Prediction of TAD boundaries in IMR90 cells. a The distribution of various histone marks around TAD boundaries. b Prediction accuracy using various features. The ROC curves correspond to the testing data. AUC scores are shown in parentheses. c Variable selection in BART model. The x-axis represents the usage frequency of each variable in the BART model. d Fraction of CTCF peaks (and filtered subsets) that overlap with TAD boundaries in IMR90 cells. Consensus peaks are defined as those appearing in all 9 cell types

To test whether cell-type specific histone modification profiles were needed for prediction of TAD boundaries, we obtained ChIP-seq data in 8 other cell types (GM12878, H1HESC, HMEC, HSMM, HUVEC, K562, NHEK, NHLF), and used the average profile as input of the BART model (Methods). Despite the lack of data in IMR90 cells, the prediction performance was almost indistinguishable (Fig 6a), thereby supporting our hypothesis. Similarly, the precision of using the CTCF consensus peaks slightly better than using the IMR90 specific CTCF peaks (Methods, Fig. 5d). This result is consistent with the previous observation that the TAD structure is stable across cell-types [10, 28]. For comparison, we applied a similar analysis to predict the chromatin interaction hubs, and found that the cell-type specific ChIP-seq data was needed to obtain good prediction accuracy (Fig. 6b). Taken together, these results provide new insights into the cell-type specific differences between TAD boundaries and hubs.

Fig. 6
figure 6

Cell-type specificity of predictions. a Comparison of the prediction accuracy of TAD boundaries by using cell-type specific and average histone mark data.
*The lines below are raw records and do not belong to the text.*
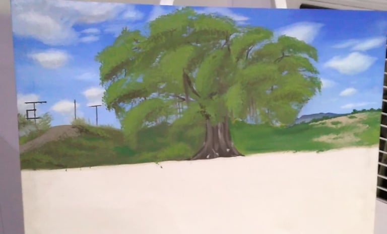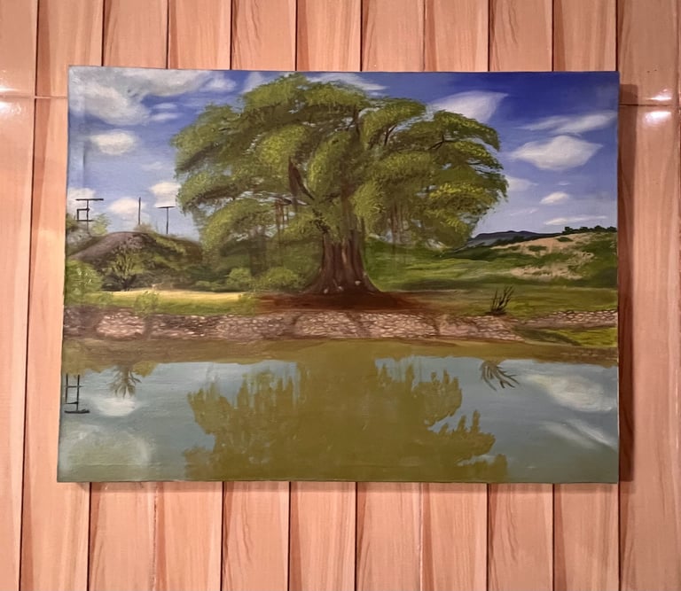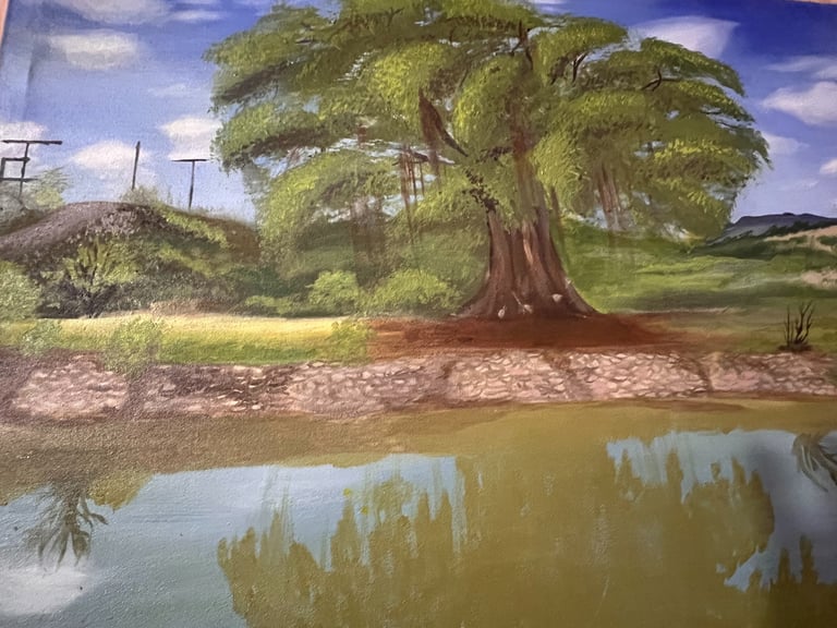 Landscape oil painting composition.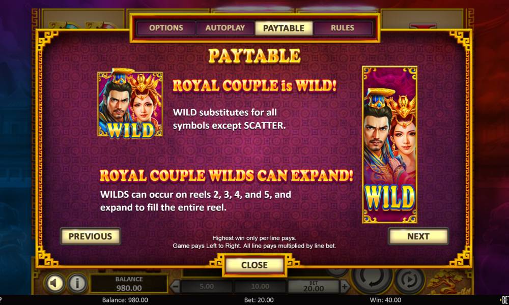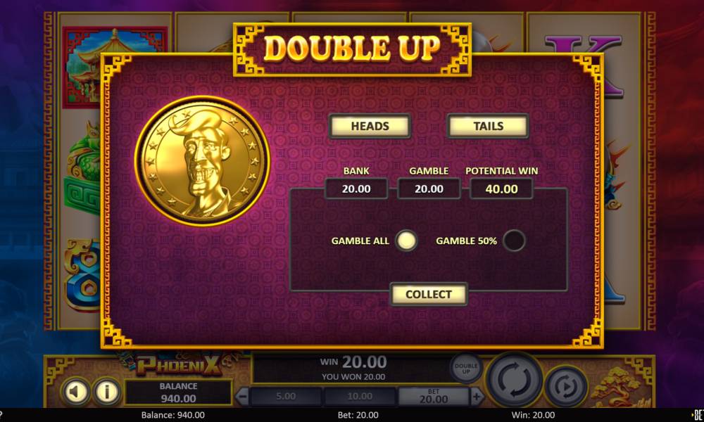 The Dragon and Phoenix online video slot has five reels, twenty lines, which are always active on default, and fifteen cells for symbols at the screen.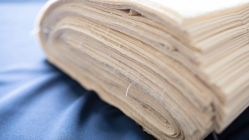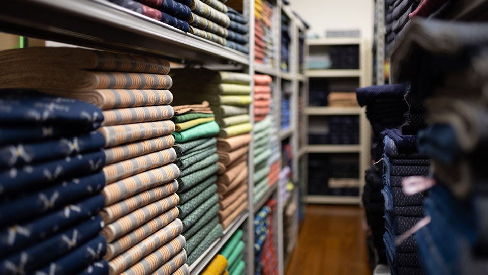 毎日使っていただきたいから、丈夫で大きな瓶でもすっぽり入り、扱いやすいものがいい。また「お買い物袋」をつくる工程も、資源やモノを大切にする心と共にありたい。それらをかなえるべく、ご相談した先は、久留米絣の織元、坂田織物さんだ。反物である久留米絣の特長をいかせば、生地の両はじを断裁せずに縫製する「ミミ残し」の製法で、生地のロスをできるかぎり抑えることができるという。また、柄物が多い久留米絣のなかで、あえて「無垢」の生地を選んだのにも意味があることも、この後、ご紹介していきたい。丈夫で長持ちするモノと永く暮らす。人とモノのお付き合いの本質のような「お買い物袋」がうまれた現場、坂田織物の工場を訪ねた。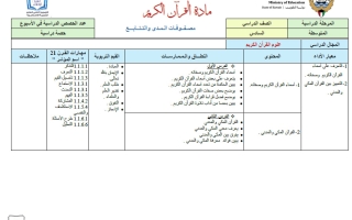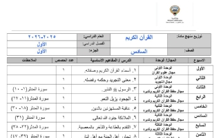 خطة منهج القرآن الكريم الصف السادس الفصل الأول 2025-2026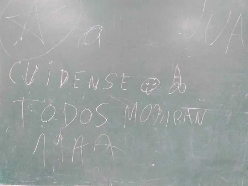 Escrito en pizzaron de la Escuela Primaria 433 Martín de Moussy.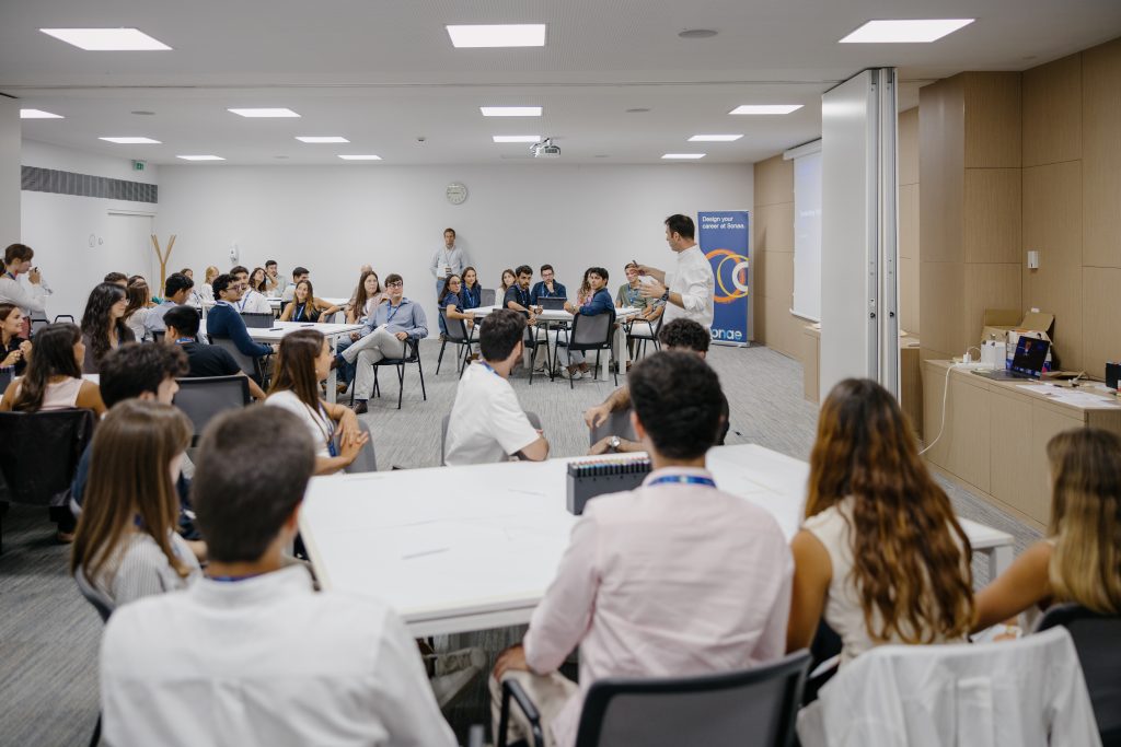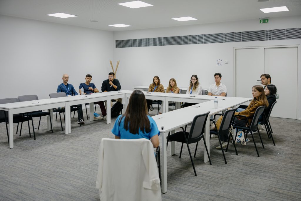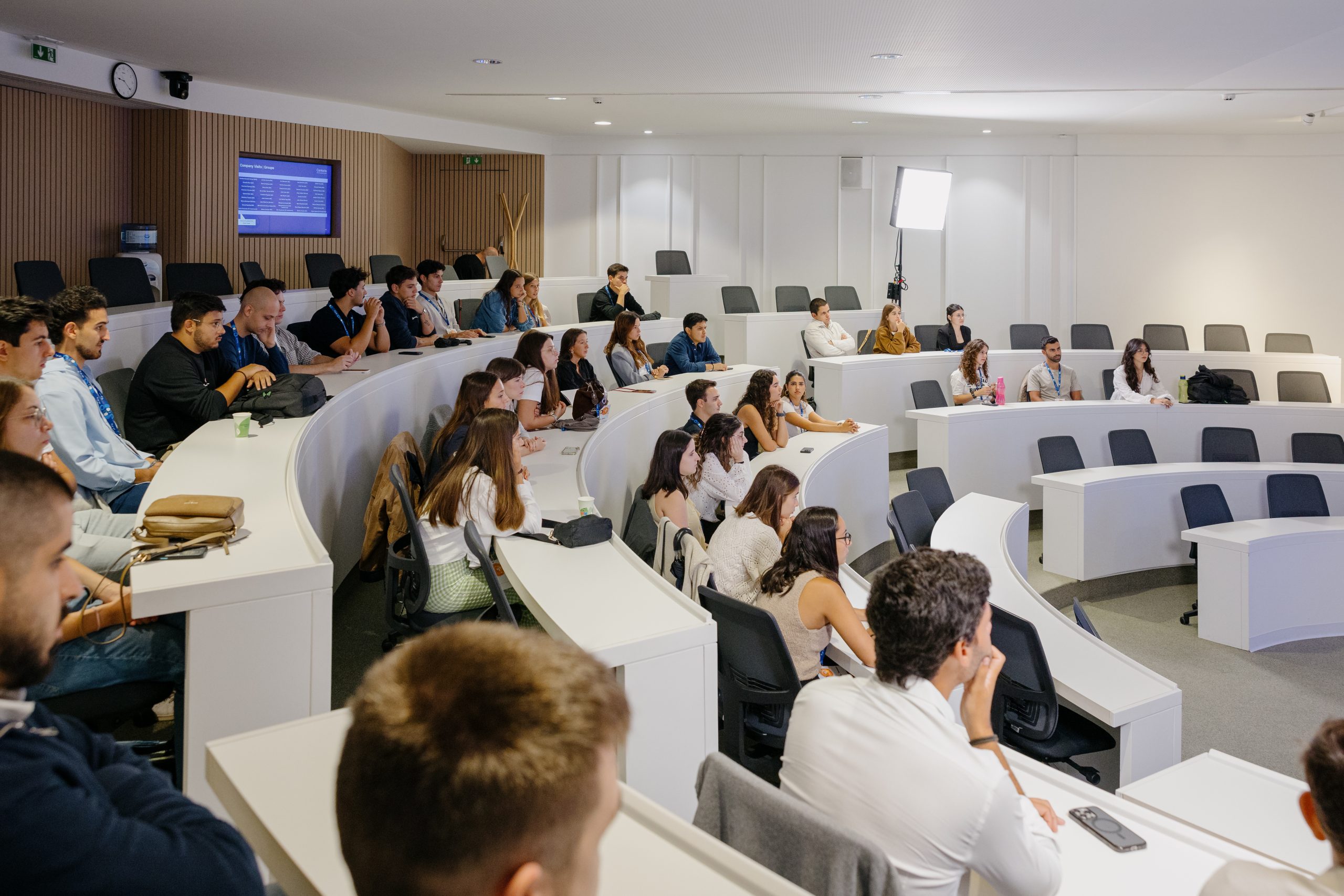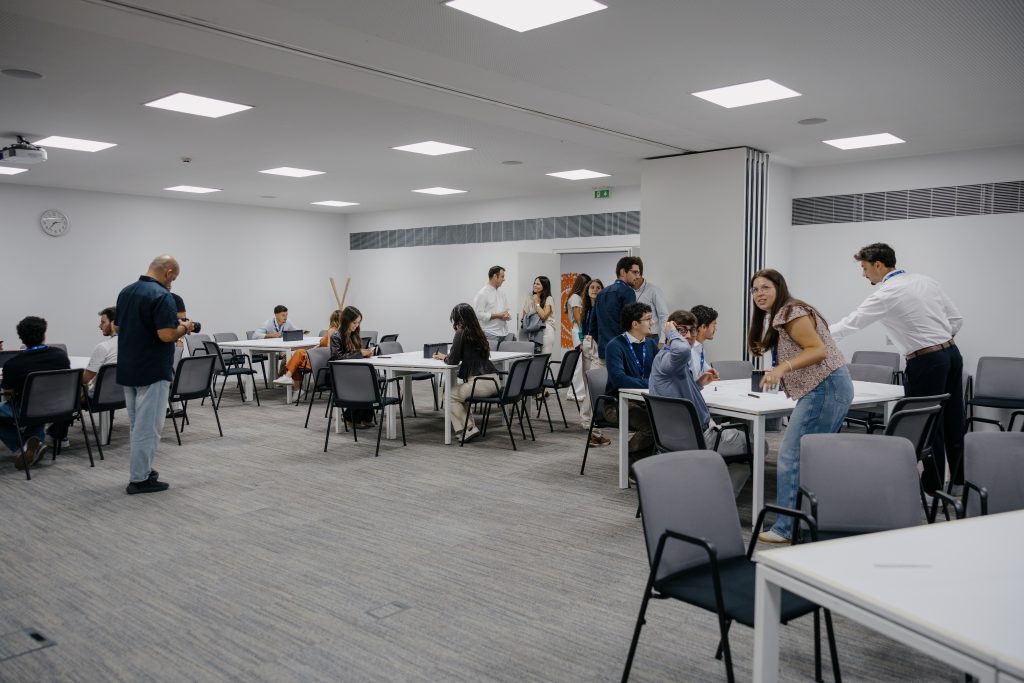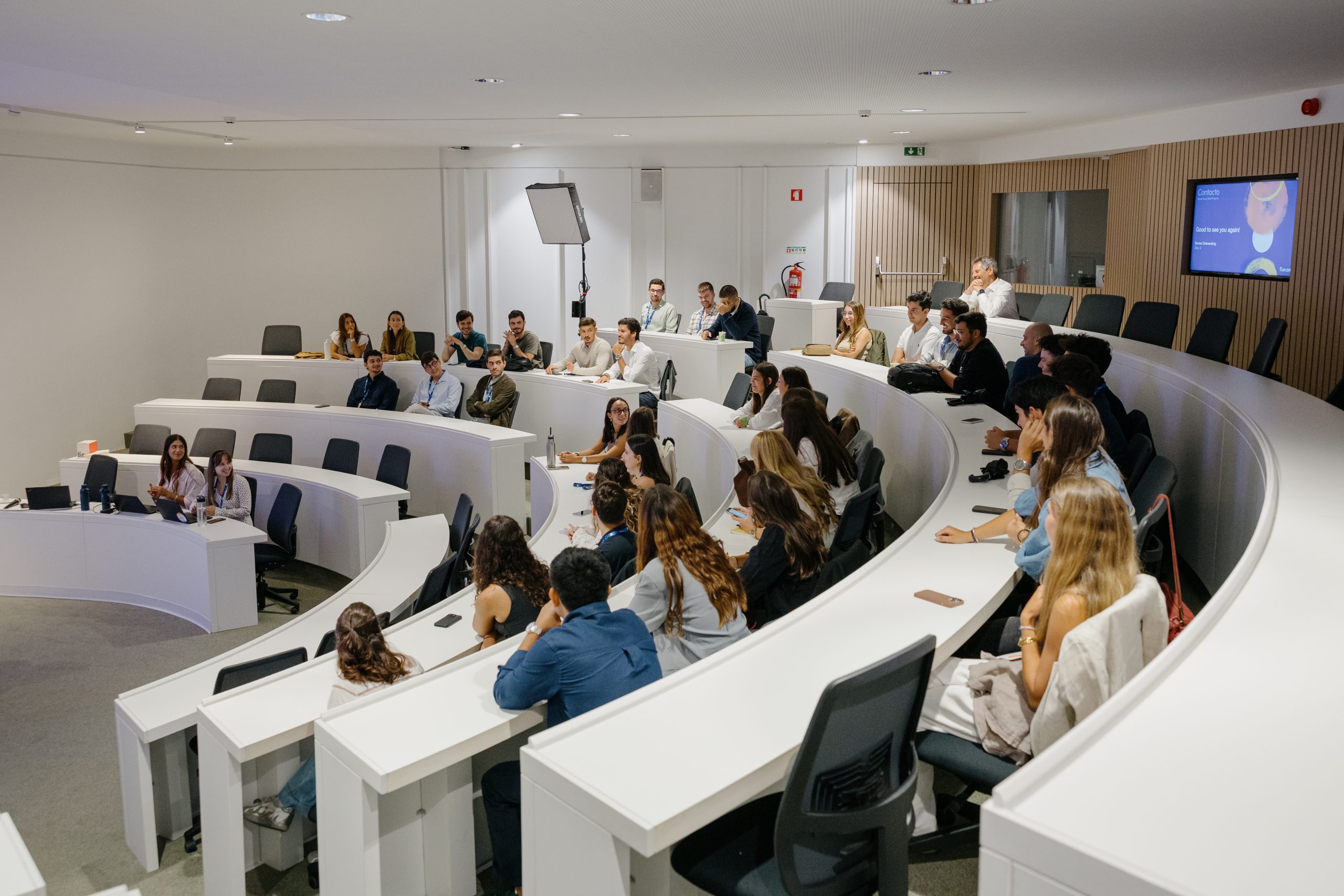 Contamos com quatro salas de formação equipadas para diferentes dinâmicas de trabalho e um Auditório concebido para eventos presenciais, híbridos e digitais, com tecnologia de Teams Meeting e streaming integrada.

The average data were computed based on 8 cell-types other than IMR90. b Comparison of the prediction accuracy of hubs by using cell-type specific and average histone mark data. The average data were computed based on 8 cell-types other than IMR90

Discussion

Genome-wide exploration of the 3D chromatin organization remains a major challenge. Here we develop a computational approach to use widely accessible ChIP-seq data to predict chromatin interaction hubs and TAD boundaries. In both cases, our models result in reasonable prediction accuracy, supporting the validity of this approach. Using computational modeling, we identified distinctive combinatorial histone patterns between chromatin interaction hubs and regions with few interactions, and between TAD boundaries and internal domains. This information has advanced our understanding of the determinants of chromatin organization, leading to the hypothesis that these combinatorial patterns may be involved in mediating chromatin interactions. This hypothesis can now be tested experimentally, for instance by removal of characteristic histone marks via the CRISPR-Cas9 system.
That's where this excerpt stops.